■ **Problem**:
Which lines run from the one with "Данные о телефоне" through the end of the data? Retype them exactly, without pictures.

■ **Information provided**:
==========
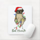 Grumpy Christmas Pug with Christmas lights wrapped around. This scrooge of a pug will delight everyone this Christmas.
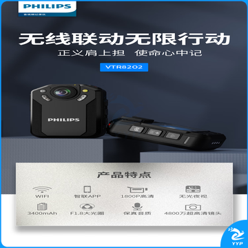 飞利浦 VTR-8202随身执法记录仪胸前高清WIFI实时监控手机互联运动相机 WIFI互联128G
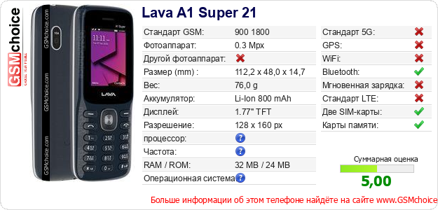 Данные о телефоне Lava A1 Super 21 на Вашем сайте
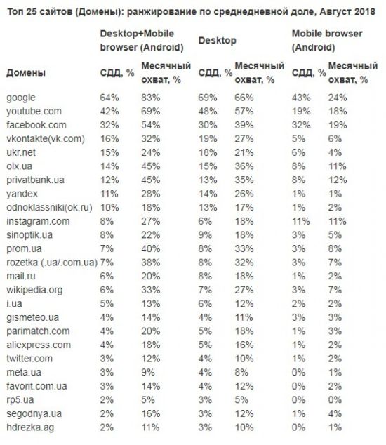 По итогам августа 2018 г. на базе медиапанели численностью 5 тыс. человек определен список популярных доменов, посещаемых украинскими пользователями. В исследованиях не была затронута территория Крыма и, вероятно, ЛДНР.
==========
■ **Solved exercise**:
 Данные о телефоне Lava A1 Super 21 на Вашем сайте
 По итогам августа 2018 г. на базе медиапанели численностью 5 тыс. человек определен список популярных доменов, посещаемых украинскими пользователями. В исследованиях не была затронута территория Крыма и, вероятно, ЛДНР.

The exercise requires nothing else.